A raging torrent of muddy water swept past Tuscaloosa, completely submerging three closely spaced locks and dams. In the previous 32 hours, eight inches of rain had fallen and added to the already swollen river. University of Alabama President W. S. Wyman wrote that, “On April 16 there occurred the highest and most violent flood on the Black Warrior River ever known.” Fortunately, most of the city at that time sat safely above the water, and no lives were lost. There were other great floods, such as those of 1874, 1892, and 1979, but the spring flood of 1900 topped them all.
The Black Warrior is a major river in Central and West Alabama. It flows into the Tombigbee at Demopolis and extends through Tuscaloosa and into Jefferson County, where it branches into the Sipsey, Mulberry, and Locust Forks. It is 169 river miles in length, with a drainage basin that includes parts of 15 counties. In the Tuscaloosa area, North River and Hurricane Creek are major tributaries.

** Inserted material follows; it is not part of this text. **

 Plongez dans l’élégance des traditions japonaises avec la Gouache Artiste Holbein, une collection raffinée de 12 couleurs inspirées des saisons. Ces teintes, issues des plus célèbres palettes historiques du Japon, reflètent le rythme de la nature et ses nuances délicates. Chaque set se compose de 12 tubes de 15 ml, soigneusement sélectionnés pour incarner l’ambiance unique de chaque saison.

In the past, some considered it to be two separate rivers—the Black Warrior upstream from Tuscaloosa and the Warrior downstream. It has been said this was an attempt to increase spending for improvements, since Congress once appropriated funds on a per river basis. However, from the point of view of “fluvial geomorphology,” the science of how streams shape and are shaped by their surroundings, it could indeed be considered two rivers.
Above Tuscaloosa, the Black Warrior flows through the Appalachian Plateau. For countless millennia, the river has slowly cut through layers of bedrock to create a stable channel with a relatively narrow floodplain. In many areas, it is lined with cliffs and bluffs. Before navigation locks were built, there were numerous shoals and waterfalls.

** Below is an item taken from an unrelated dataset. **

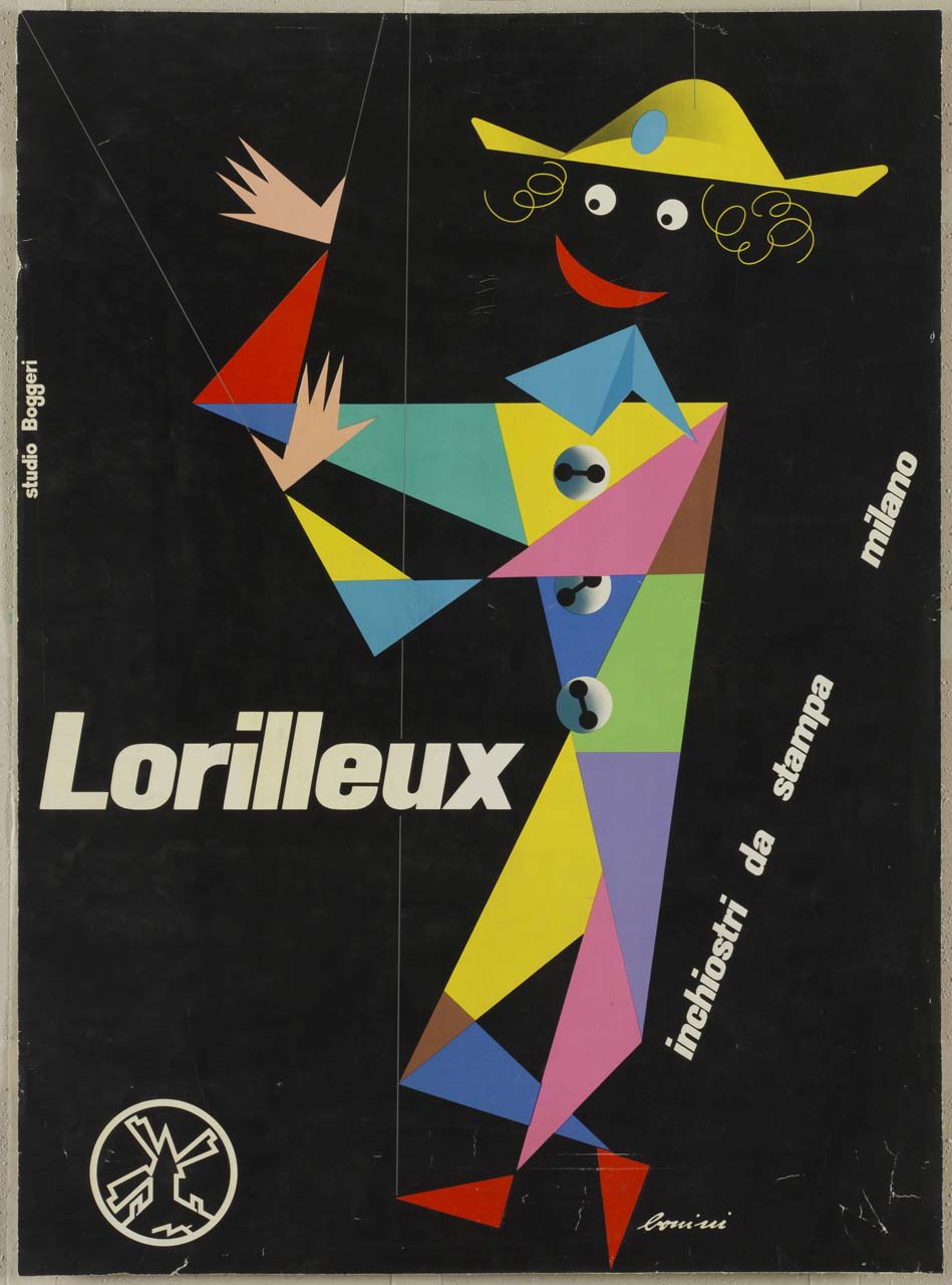 Lettura iconografica: marionetta Arlecchino. Categoria merceologica/ tipo evento: industria chimica; coloranti e pigmenti; inchiostro da stampa. Nomi: Lorilleux. Luoghi: Milano

Below Tuscaloosa lies the Coastal Plain, an area of little if any erosion resistant bedrock. There the river has created a broad flat floodplain. Like a slow-moving snake, the channel constantly changes position or meanders, eroding the outside of bends, while on the inside depositing sandbars that eventually become riverbanks. When bends expand too far, the river reroutes on a shorter path leaving channel remnants that become oxbow lakes and, eventually, swamps. Locally some of these include Snag, Moon, and Big Lakes near Fosters and Touson, Keaton, and Hull Lakes near Moundville. As oxbows slowly silt up they support cypress, tupelo gum, and other rooted vegetation, creating features such as Moody and Englewood Swamps.
For most of the 19th century, Tuscaloosa was the head of navigation. Beginning in the 1890s, 11 locks were eventually built, making the entire Black Warrior navigable. All but one were built with locally quarried Pottsville sandstone. These structures were known as Locks 7 through 17. By the second half of the 20th century, the original locks were replaced with four high-lift locks, three located in Tuscaloosa County.
Despite extensive modification, the Black Warrior and its tributaries are still home to a great variety of aquatic life. Recently, at least 130 species of fish have been documented, as well as 36 species of freshwater mussels (three times that found in all of Europe). It has been conjectured that these large numbers are due to a variety of habitats, long term geological stability, and a lack of glaciers during the Ice Ages.
Central and West Alabama receive about 50 inches of rainfall annually, resulting in an average runoff of about a million gallons per day per square mile of watershed. As a result, the average flow in the Black Warrior at Tuscaloosa is almost 8000 cubic feet per second, or about five billion gallons per day, more than enough for operating the locks and dams, generating power at three hydroelectric plants, and a number of other uses.
For thousands of years, people from ancient Native Americans to today’s population have utilized the Black Warrior River. The river and its tributaries continue to serve as wildlife habitat while providing water, transportation, food, recreation, and power for more than a million people—almost a quarter of all Alabamians.